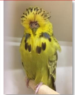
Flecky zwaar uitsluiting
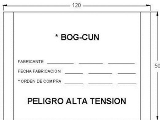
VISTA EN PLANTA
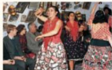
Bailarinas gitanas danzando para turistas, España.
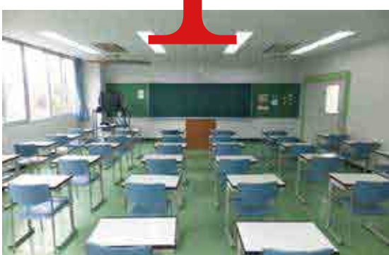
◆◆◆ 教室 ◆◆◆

* * *

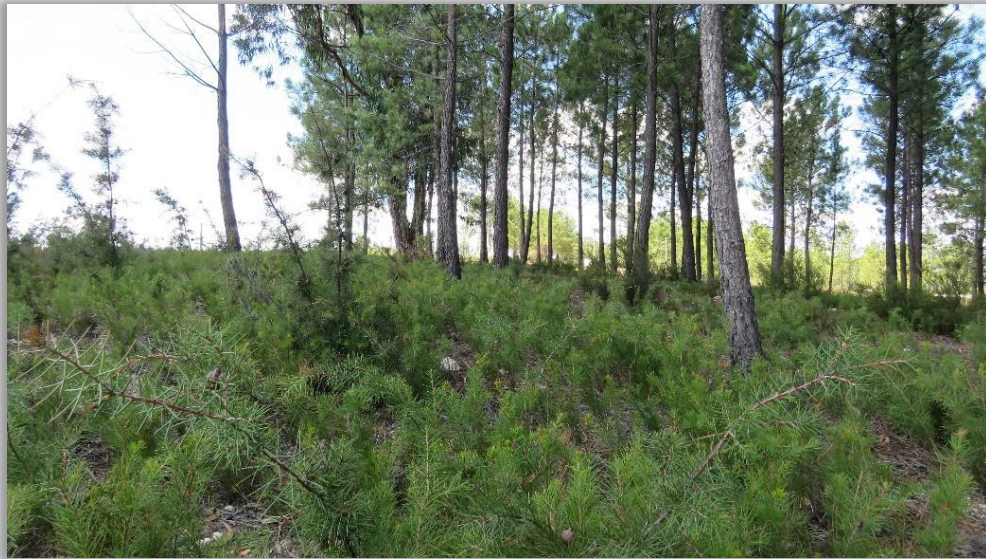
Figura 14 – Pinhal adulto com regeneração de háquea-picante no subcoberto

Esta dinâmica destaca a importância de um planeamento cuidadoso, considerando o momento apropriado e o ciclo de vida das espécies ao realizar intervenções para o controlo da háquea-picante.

* * *

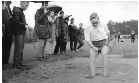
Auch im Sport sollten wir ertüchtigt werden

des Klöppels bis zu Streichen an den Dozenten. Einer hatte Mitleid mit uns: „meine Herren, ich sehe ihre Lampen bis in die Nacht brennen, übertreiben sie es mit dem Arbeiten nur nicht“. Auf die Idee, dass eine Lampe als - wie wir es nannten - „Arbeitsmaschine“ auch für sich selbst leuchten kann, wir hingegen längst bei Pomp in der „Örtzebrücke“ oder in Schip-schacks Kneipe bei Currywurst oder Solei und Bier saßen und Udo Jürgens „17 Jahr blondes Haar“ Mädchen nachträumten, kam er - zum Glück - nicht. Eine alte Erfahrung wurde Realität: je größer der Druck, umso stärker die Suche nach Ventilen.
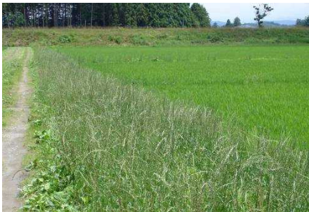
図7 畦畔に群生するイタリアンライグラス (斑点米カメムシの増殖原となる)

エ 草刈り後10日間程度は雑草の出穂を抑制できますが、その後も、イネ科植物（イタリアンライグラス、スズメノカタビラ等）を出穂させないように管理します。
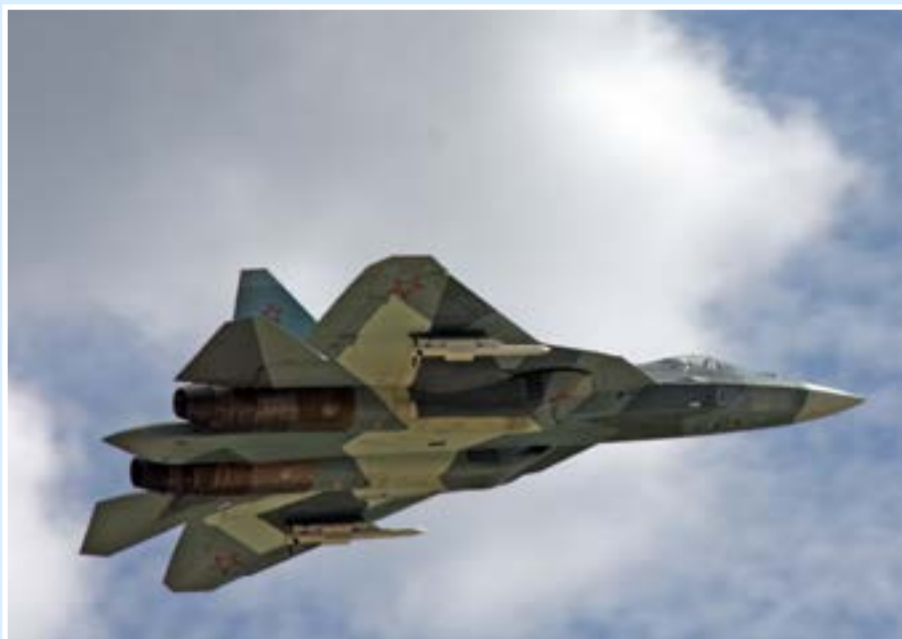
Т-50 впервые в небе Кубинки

▸ **TASK REQUIREMENTS**
From the material above, return every line that contains "háquea".

▸ **FINISHED TASK**
Figura 14 – Pinhal adulto com regeneração de háquea-picante no subcoberto
Esta dinâmica destaca a importância de um planeamento cuidadoso, considerando o momento apropriado e o ciclo de vida das espécies ao realizar intervenções para o controlo da háquea-picante.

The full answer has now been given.